Barriers to Pharma-based Therapy for CNS-Based Diseases
The key to most any problem is the ability to be able to bring an effective solution to bear on the problem in order to eliminate the disrupting concern. It does not matter if the problem is a burnt-out light bulb or a life-threatening disease, the process is the same: Identify the issue, define the best solution, deliver the solution to the problem, and implement the cure.
In pharma-based therapeutics for most CNS-based diseases, such as brain cancer, Parkinson’s, dementia, and epilepsy, this four-step process has remained much the same since the earliest beginnings of medicine. Though great progress has been made in diagnostics (defining the problem), determining an effective therapeutic (the solution), and implementing therapy (the cure), little has changed in the all-important step of therapeutic delivery. For the most part, pharma-therapeutics are delivered either by oral ingestion, direct injection, or intravenous drip. In each of these methods, two major obstacles must be overcome. The first is the systemic delivery of the therapeutic agent. Though a therapeutic, such as a chemotherapy medicine for a malignant non-operable tumor, should ideally target the tumor and the tumor alone, by systemic delivery in order to make its way to the disease target the therapeutic is first forced to pass through the digestive system, in the case of oral medications, or through the entire venous system, in the case of injection or intravenous delivery.

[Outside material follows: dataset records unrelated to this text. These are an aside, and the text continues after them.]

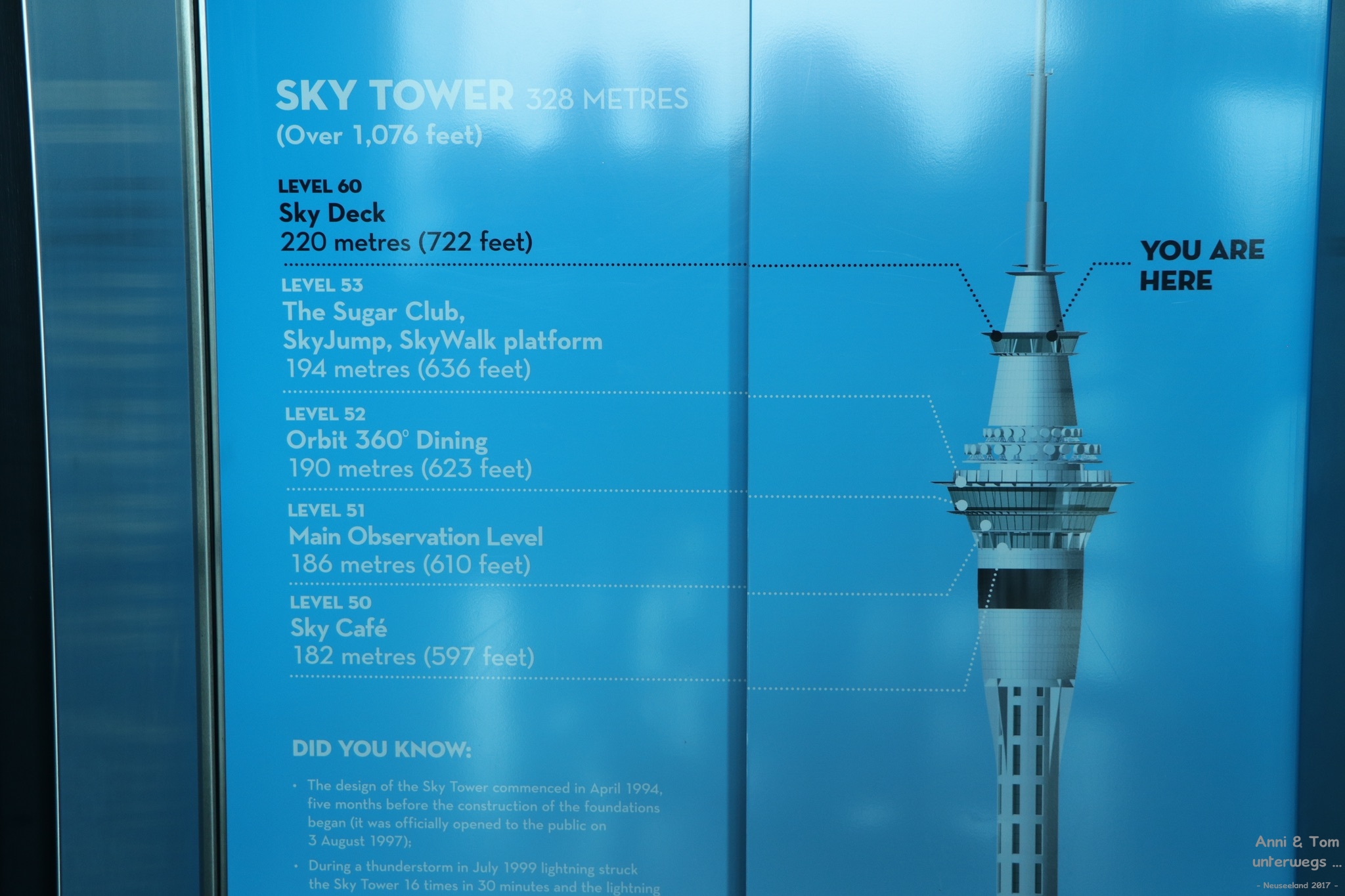 Den Vormittag verbringen wir mit einem Spaziergang, der uns an den wichtigsten Sehenswürdigkeiten Aucklands vorbeiführt. Danach geht es hoch auf den Skytower. Den Abend verbringen wir mit einem Schaufensterbummel in der Queenstreet, wo wir ein paar neue Wanderschuhe für Tom finden :-)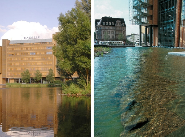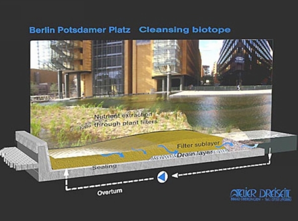 這一城市水景設(shè)計(jì)之中蘊(yùn)含的理念即為,雨水在降落之地即應(yīng)被就地使用。在波茨坦廣場,綠化屋頂和非綠化屋頂?shù)慕Y(jié)合設(shè)計(jì)可以獲取全年降雨量。雨水從建筑屋頂流下,作為沖廁、灌溉和消防用水。過量的雨水則可以流入戶外水景的水池和水渠之中,為城市生活增色添彩。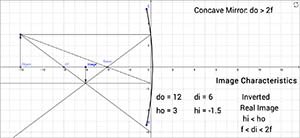 Simulation of image formation in concave and convex mirrors.

Top Chemotherapy Drugs Used for CNS-based Cancers
This form of delivery creates two major concerns. The first being the potency of the therapeutic once it finally is able to be taken up by the tumor. Having to pass through the digestive system before entering the circulatory system and then making its way to the tumor, much of a therapeutics potency can be compromised. Not a problem, just make the therapeutic more potent when given to counteract the degradation effects of delivery. But this creates the second issue, side-effects and toxic exposure of healthy tissue and organs to the therapeutic. Because of the systemic nature of the delivery, all of the patient’s body is exposed to the drug being used. Since most tumor medications are in essence a type of poison designed to kill the tumor that same poison is effecting all other cellular tissue it encounters. Hence the adage, ”We hope to kill the disease before we kill the patient.” Harsh indeed, but in essence true. A patient’s ability to be able to tolerate a toxic chemotherapeutic is greatly determined by the status of their overall health and immune system status. For someone in poor health, advanced cancer stages, or compromised immunity, these therapeutics, though potentially life-saving, cannot be implemented because of the potential effect on the rest of the body.
The Blood-Brain Barrier
These hurdles remain part of the difficult equation physicians face when developing a treatment protocol involving pharma-therapeutics. However, when it comes to CNS- and brain-based diseases, there is another even more insurmountable problem; the Blood-Brain Barrier. The Blood-Brain Barrier (BBB) is a semipermeable barrier of endothelial cells that prevents solubles in the circulating blood from crossing into the vertebral cavity and the central nervous system. The BBB is highly selective in that it allows oxygen and nutrient molecules to pass through but it prevents potentially harmful molecules such as pathogens, large molecules, and hydrophilic molecules (water-soluble) that could carry disease. The BBB is an incredibly intricate and important part of the body’s defense mechanism for the protection of the CNS and the brain, but because of its nature, it is also a barrier to physicians in their ability to deliver lifesaving pharma-therapeutics to this area of the body. Since most pharma-therapeutics are large molecule formulations and/or water-soluble, they are unable to effectively pass through the BBB. This limits therapy then to direct injectable such as intralesional and intratumoral chemotherapy or implanted Ommaya reservoir pumps. These though are limited to those types of cancers that are accessible via injection or proximity pump location. Unfortunately, many CNS and brain cancers tumors are too deep-rooted to be treated in this manner.
NeOnc Technologies is hoping to provide a major leap forward in providing a solution posed by current pharma-therapeutic delivery for CNS-based diseases. By creating a proprietary molecular wrapper technology to protect and encase the therapeutic agent during delivery and one which can cross the BBB, along with addressing a three-prong delivery solution Neonc holds the promise to improve the physician’s ability to cure and to extending and enhancing the patient’s quality of life.